World War Love Reviewed by Corey Hall (Movie)
Troy Gregory is a slightly unhinged rock ’n’ roller who has logged stints in everything from prog metal grinders Prong to the Swans to the Dirtbombs, and of course his own bands the Witches and the Stepsisters, then World War Love. And though this doc about him is plagued by the some of the same herky-jerky camerawork and muddy sound issues of so many local films, it’s also a gonzo, completely batty peek into the marvelous mind of a true Detroit original. Shot in a procession of dingy Hamtramck flats (upstairs), seedy barrooms and musty record stores, it’s a tremendous time capsule of Detroit’s downtown rock ’n’ roll scene circa recently and now.

Alice in Wonderland Reviewed by Jeff Meyers (Movie)
It’s been 13 years since Alice (In Treatment’s Mia Wasikowska) fell down the rabbit hole, and her memories of Wonderland have faded into dreams. But now, on the day she’s expected to be engaged to an insufferably priggish lord, she finds herself tumbling back into the realm of the Mad Hatter (Johnny Depp), Blue Caterpillar (voiced by Alan Rickman) and Cheshire Cat (voiced by Stephen Fry). It seems war is afoot in “Underland,” where the hydrocephalic-headed, decapitation-happy Red Queen (Helen Bonham-Carter) sics her Bandersnatch, Jabberwocky (voiced by Christopher Lee), and Knave of Hearts (Christian Glover), on anyone allied with her pacifist (and far prettier) sister, the White Queen (Anne Hathaway).

Restaurants/Places:

Moti Mahal Reviewed by Jane Slaughter (Restaurant)
The meal starts auspiciously with a couple of free papadams — crisp and strongly lentil-flavored — and three tasty dipping sauces.
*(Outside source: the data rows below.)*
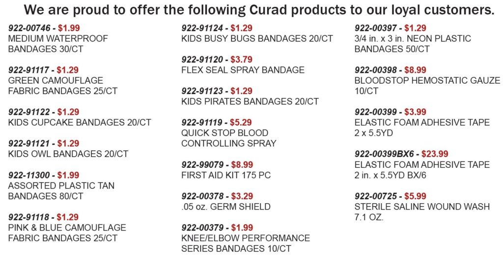 At E-FirstAid Supplies, we are proud to offer a new line of Curad first aid products to our valued customers. From innovative bandages to home first aid kits, Curad is a well known and trusted brand that provides hospital quality products for home use. We currently offer a wide variety of Curad products and bandages that can be useful in a multitude of situations. We have kids bandages, waterproof bandages, sport bandages, tape, spray bandages and more. And as an exclusive offer, for a limited time only we are rolling back pricing on all of our Curad Products! Don’t miss out on the chance to save big on high quality curad first aid items.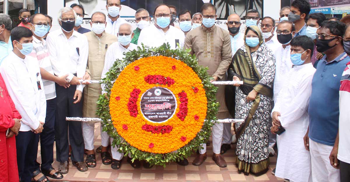 বেলা ১১টার দিকে নগরী কুমারপাড়াস্থ দলীয় কার্যালয়ের স্বাধীনতা চত্বরে বঙ্গবন্ধু ও জাতীয় চার নেতার প্রতিকৃতিতে পুষ্পস্তবক অর্পণ করে আওয়ামী লীগ। এ সময় বঙ্গমাতার ছবিতে পুষ্পামাল্য অর্পণ করা হয়।
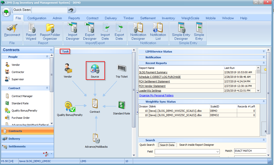 LIMS supports several types of sources such as lump sum, pay as cut, gatewood, etc. In this section we will create an OSP source (i.e. Outside/Gatewood source). Since gatewood is delivered to the yard by the seller, it is the simplest source type to conceptualize and set up.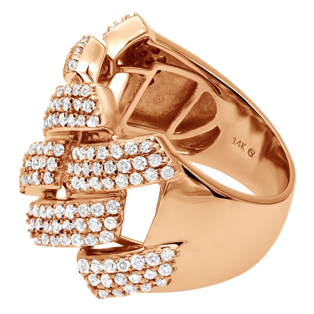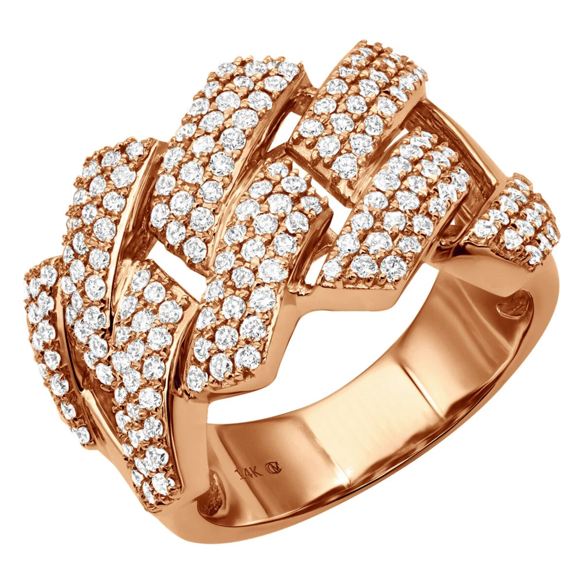 From our men’s diamond rings and men’s wedding bands collections: This Solid 14k Gold Cuban Link Ring is fully iced out with 2 carats of sparkling diamonds and is a contemporary statement of stylishness and features superb craftsmanship. The band is 11/16in (18mm) wide and weighs approximately 13.5 grams making it also a unique diamond wedding band for men. This sparkling ring with a design of sharp edged chain links encrusted with natural mined round diamonds has just enough bling for anyone! It is available in 14K white, yellow or rose gold and will be a show stopper in any color.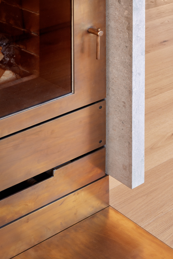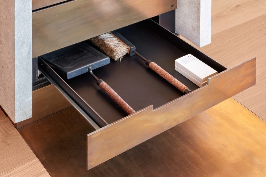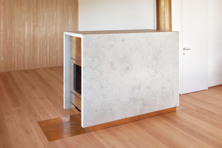 Kalkstein Avorio Grau, Messing brüniert, Schamotte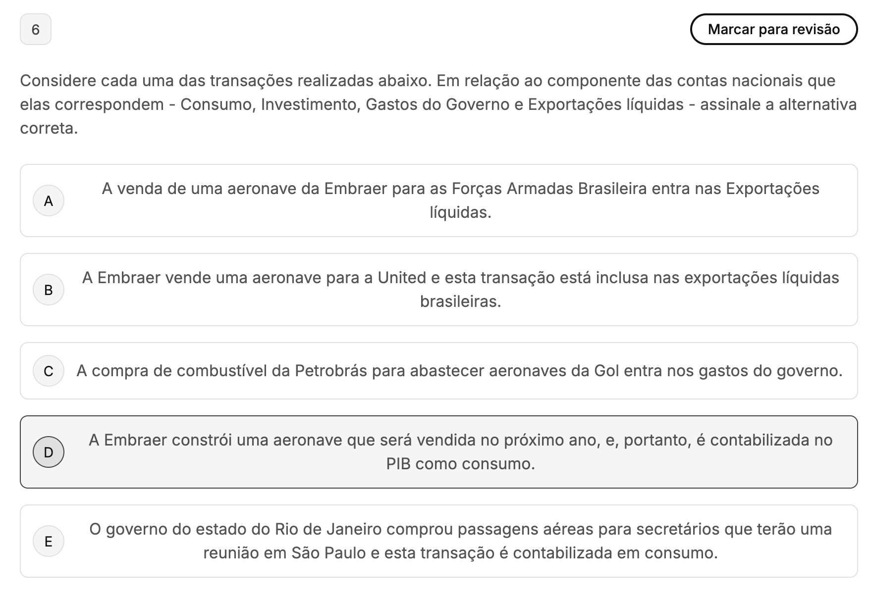 <p>6 Marcar para revisão Considere cada uma das transações realizadas abaixo. Em relação ao componente das contas nacionais que elas correspondem - Consumo, Investimento, Gastos do Governo e Exportações líquidas - assinale a alternativa correta. A venda de uma aeronave da Embraer para as Forças Armadas Brasileira entra nas Exportações A líquidas. A Embraer vende uma aeronave para a United e esta transação está inclusa nas exportações líquidas B brasileiras. C A compra de combustível da Petrobrás para abastecer aeronaves da Gol entra nos gastos do governo. A Embraer constrói uma aeronave que será vendida no próximo ano, e, portanto, é contabilizada no D PIB como consumo. governo do estado do Rio de Janeiro comprou passagens aéreas para secretários que terão uma E reunião em São Paulo e esta transação é contabilizada em consumo.</p>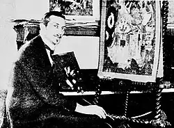 Born in 1915 in New York City on Staten Island, John Dehner was the middle child of three children of Ella Susana (née Dehner) and Ralph LeRoy Forkum.[2][a] Dehner's father was an accomplished artist who was widely recognized in the United States as a landscape painter, illustrator, and a specialist in painting "highly realistic" backgrounds for stage productions and later for animated features and shorts.[3][b] Dehner's mother was a gifted musician with artistic talents as well.[4] Prior to the 1920s, Ella Forkum even collaborated with her husband on art projects and in some instances was co-credited for helping him to compose content for his drawings and paintings widely used in newspaper and magazine advertising. One example is a full-page advertisement in the March 18, 1917, issue of the Washington, D.C., newspaper Evening Star.[5] That ad is for Djer-Kiss, a very exclusive line of French perfumes and soaps. It depicts a highly stylized, fairytale-like scene of young women bathing beneath a waterfall. The artwork itself bears the attribution to both of Dehner's parents, to "R.L. + E.D. Forkum".[5]

A mango lassi, seldom a mistake, is properly vibrant in color and flavor. The entrées are rich, perhaps due to lots of ghee? This was especially true of sag muttar paneer — peas and spinach with firm cubes of Indian farmer cheese, quite buttery tasting — and lamb Kashmir, to which Ullah adds almonds and dried fruit. Among the usual kormas, dhansaks, and tandoori specials, Moti Mahal offers jalfrazies and dupiazas and patias. Salmon masala gets “cooked with a carefully selected array of fresh tomatoes, onions and spices” — and it's smoky and rich.